Келли двигается очень тихо, дверь в комнату Каттери открывается и она проскальзывает внутрь, долго стоит, стараясь дышать ровнее. Сердце частит, она прикладывает руку к груди и облизывает пересохшие губы. Перед глазами цветные пятна, голова кружится, но отступать некуда, на ватных ногах Келли подходит к кровати. Ката такая маленькая и хрупкая. Белое лицо, запавшие щеки, испарина на лбу. Слепые глаза завязали алой лентой, запястья примотали к кровати, чтобы она не навредила себе в горячем припадке.

Келли вдруг понимает, что даже не думала, что будет делать, но руки уже сами тянутся к подушке. Тянутся и трясутся. От неожиданной боли сводит запястья. Келли моргает и смотрит на свои руки, словно они чужие, потом переводит взгляд на маленькую девочку в постели и вспоминает, что Каттери говорила о потоках энергии, о людях, о Творце.

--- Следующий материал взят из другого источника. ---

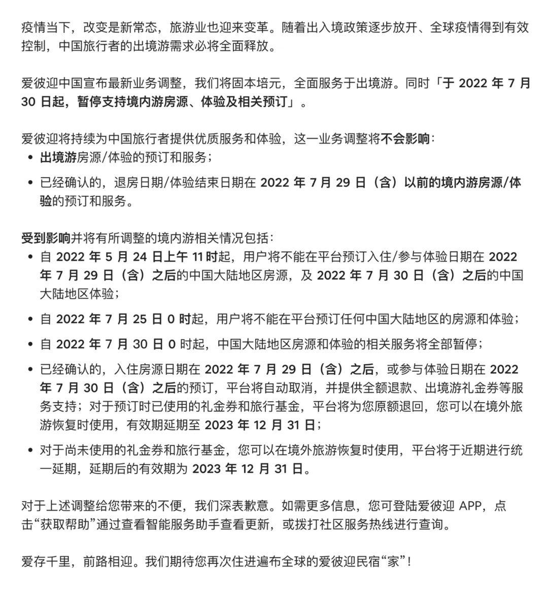 5月24日,愛(ài)彼迎Airbnb宣布從2022年7月30日起,將暫停支持中國(guó)境內(nèi)游房源、體驗(yàn)及相關(guān)預(yù)訂業(yè)務(wù),并為房東和用戶免除2022年5月24日至2022年7月29日期間所有境內(nèi)游訂單服務(wù)費(fèi),將只專注于出境游業(yè)務(wù)。
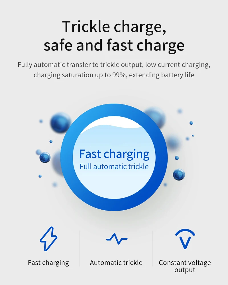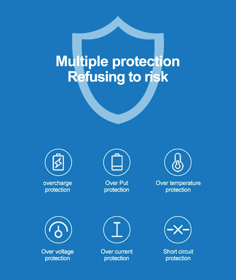 2.Charging under IC control. -intelligently cut off the rapid charging mode, Then transfer to trickle charging, insure fully charged, Meanwhile protect from over charging The LCD will be on and show its background color for 2 seconds when connected with the power source, then off.

Что она сказала бы сейчас? Хотела бы она вот так…

Освободиться, звучит внутренний голос в голове Келли.

Ты освободишь её сущность из клетки.

Келли смотрит, как медленно опускаются ее руки, как подушка закрывает лицо Каттери. Всем весом она наваливается сверху. Пытается и не может заставить себя убрать руки. Хочет закричать и не может. Не может двигаться, дышать. Только сердце стучит, как бешеное. Келли сопротивляется, но тело больше ей не принадлежит. Всем своим немалым весом она давит на подушку. Совсем скоро Каттери нечем будет дышать и тогда… По телу проходит волна дрожи. Келли мысленно кричит, но во вне не прорывается ни звука. Тело Каттери начинает дёргаться. Келли мысленно воет и бьётся, будто хочет пробить насквозь кирпичную кладку, но руки все ещё давят на подушку.

Думай, Келли, думай, что ты можешь сделать!

И тогда Келли заставляет себя расслабиться.

Там, где ты больше не властен над собой, доверься инстинктам. Тело само знает, что ему делать. И тело Келлианы Аринэ начинает мерцать в темноте и раскаляться, как угли в очаге, а ткань, по краям наволочки, тлеть и дымиться.

Загрузка...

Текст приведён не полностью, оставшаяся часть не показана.